Output exactly the lines that run from the start of the records to the line with "Bright hot pink", counting both ends, and skip the pictures.

= Beginning of Section =

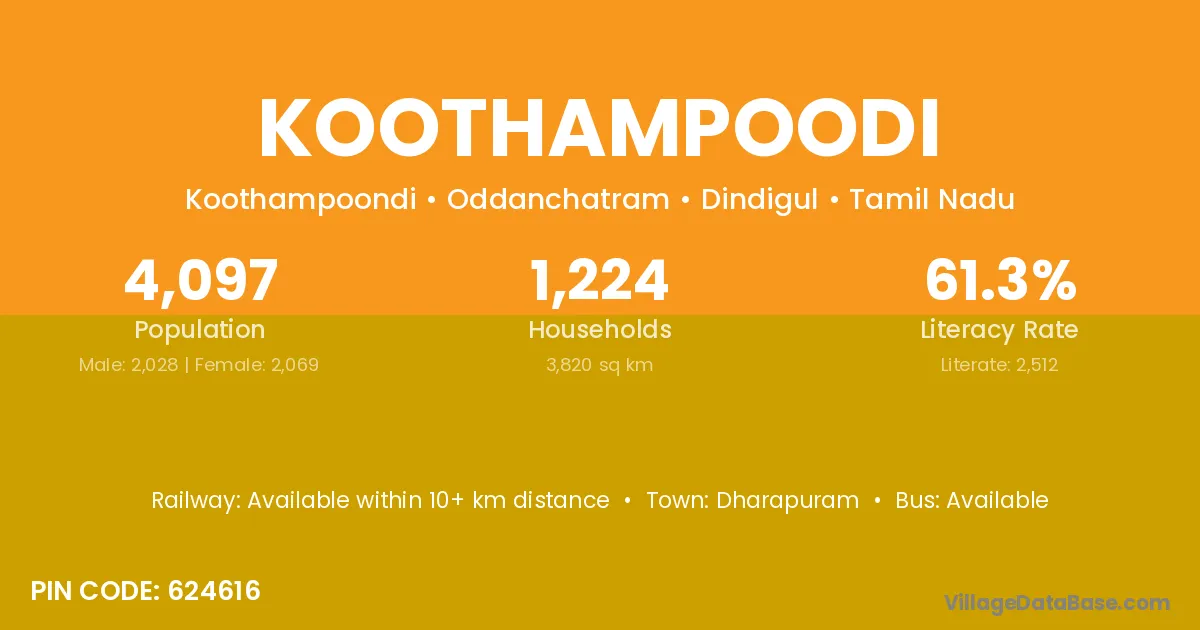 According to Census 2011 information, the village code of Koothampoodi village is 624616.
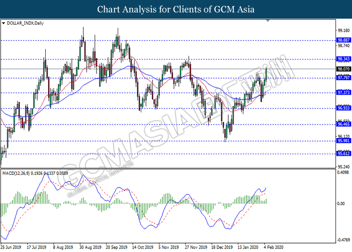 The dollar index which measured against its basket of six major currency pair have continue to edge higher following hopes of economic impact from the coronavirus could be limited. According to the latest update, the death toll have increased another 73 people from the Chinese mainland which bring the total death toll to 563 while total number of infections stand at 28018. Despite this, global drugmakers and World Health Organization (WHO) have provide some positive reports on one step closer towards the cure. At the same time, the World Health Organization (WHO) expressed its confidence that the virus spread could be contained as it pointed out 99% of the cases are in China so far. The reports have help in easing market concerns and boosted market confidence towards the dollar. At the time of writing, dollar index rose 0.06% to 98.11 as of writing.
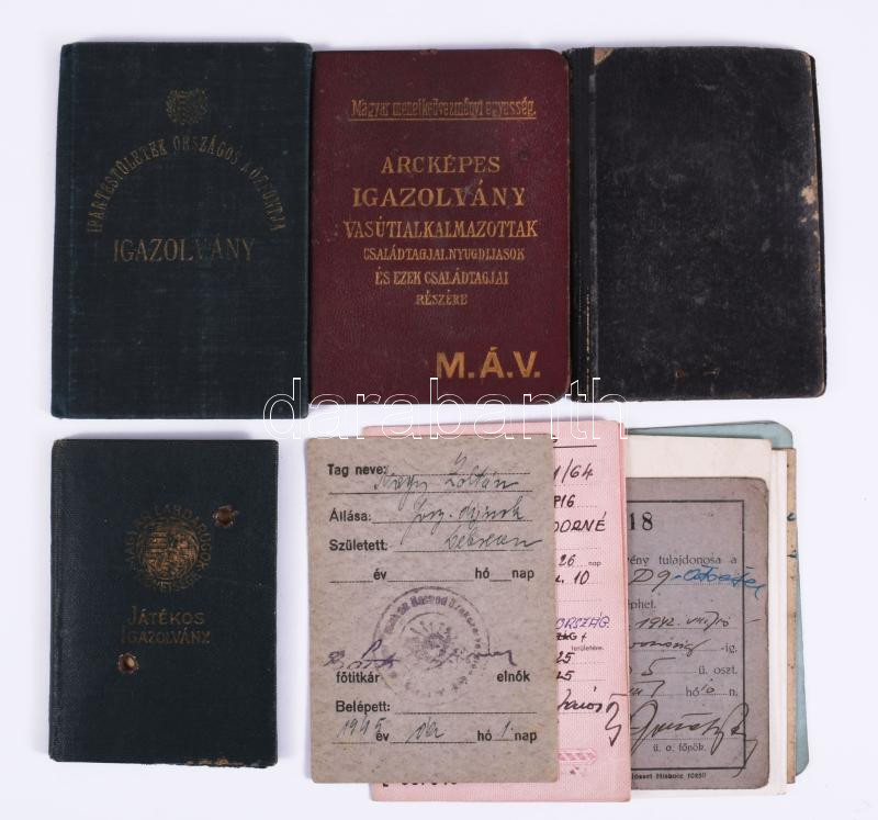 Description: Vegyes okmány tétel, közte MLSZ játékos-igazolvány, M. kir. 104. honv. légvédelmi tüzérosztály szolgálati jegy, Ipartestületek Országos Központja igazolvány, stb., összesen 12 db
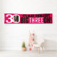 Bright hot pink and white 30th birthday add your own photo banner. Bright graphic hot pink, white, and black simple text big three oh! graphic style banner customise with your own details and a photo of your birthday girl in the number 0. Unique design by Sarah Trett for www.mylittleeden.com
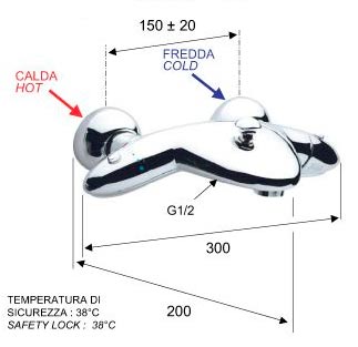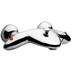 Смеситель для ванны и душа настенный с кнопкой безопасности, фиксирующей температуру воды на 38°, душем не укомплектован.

= End of Section =

EXERCISE ANSWER:
 According to Census 2011 information, the village code of Koothampoodi village is 624616.
 The dollar index which measured against its basket of six major currency pair have continue to edge higher following hopes of economic impact from the coronavirus could be limited. According to the latest update, the death toll have increased another 73 people from the Chinese mainland which bring the total death toll to 563 while total number of infections stand at 28018. Despite this, global drugmakers and World Health Organization (WHO) have provide some positive reports on one step closer towards the cure. At the same time, the World Health Organization (WHO) expressed its confidence that the virus spread could be contained as it pointed out 99% of the cases are in China so far. The reports have help in easing market concerns and boosted market confidence towards the dollar. At the time of writing, dollar index rose 0.06% to 98.11 as of writing.
 Description: Vegyes okmány tétel, közte MLSZ játékos-igazolvány, M. kir. 104. honv. légvédelmi tüzérosztály szolgálati jegy, Ipartestületek Országos Központja igazolvány, stb., összesen 12 db
 Bright hot pink and white 30th birthday add your own photo banner. Bright graphic hot pink, white, and black simple text big three oh! graphic style banner customise with your own details and a photo of your birthday girl in the number 0. Unique design by Sarah Trett for www.mylittleeden.com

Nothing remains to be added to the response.